We previously reported that conduction velocity (VC) of Schaffer collaterals in CA1 area of hippocampus is reduced in an age-dependent manner in two amyloid precursor protein transgenic mouse models, line 41 (APP Swe/Lon) and APP/PS1 (cross between tg-2576 (APPSwe) and a mutant PS1 (m146L) mouse). Here we asked whether similar deficit in VC is also present in a mouse model of tauopathy, rTg4510, which over-expresses microtubuleassociated protein tau carrying a P301L mutation. Hyper-phosphorylated tau disrupts axonal cytoskeleton and transport, potentially resulting in abnormal levels of Na+ and/or K+ channels and Na+/K+ – ATPases, which may contribute to changes in VC.

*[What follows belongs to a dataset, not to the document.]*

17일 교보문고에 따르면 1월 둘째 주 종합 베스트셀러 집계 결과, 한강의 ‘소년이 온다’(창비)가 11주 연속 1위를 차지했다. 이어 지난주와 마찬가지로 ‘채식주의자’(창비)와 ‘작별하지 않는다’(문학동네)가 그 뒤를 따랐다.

We measured VC of Schaffer collaterals in CA1 area of hippocampus of rTg4510 mice at 3 and 6 month of age. We used a transverse hippocampal slice preparation with two extracellular recording electrodes to capture propagation of compound action potentials (CAPs) elicited by a stimulating electrode in the presence of synaptic transmission blockers. VC (in μm/ms) was calculated as d/t, where d is the linear distance between recording electrodes (100μm-600μm) and t is the time of CAP propagation. We also compared VC deficits in rTg4510 mice with those reported by us previously in line 41 (3 and 6 mo old) and APP/PS1 (24 mo old) mice.


At 3 mo of age average VC was not different between WT, tTA controls, and rTg4510 mice. In older rTg4510 mice (6 mo), average VC was significantly reduced compared to age-matched WT (ΔVC∼22.8 μm/ms) and tTA controls (ΔVC∼21.7 μm/ms). VC deficit was more pronounced in this tauopathy model then in line 41 (6 mo old), where we reported ΔVC∼10.4 μm/ms. APP/PS1 exhibited comparable deficit in VC (ΔVC∼20.1 μm/ms) at a much older age (24 mo).


These data suggest that over-expression of mutant human Tau or APP genes results in a reduced axonal VC, potentially disrupting the timing of synaptic inputs. Reduction in axonal VC in both tauopathy and amyloidosis mouse models of AD, albeit to a different degree, points to functional commonality between these models. This deficit may alter temporal organization of hippocampal networks leading to cognitive and memory dysfunction commonly observed in AD mouse models.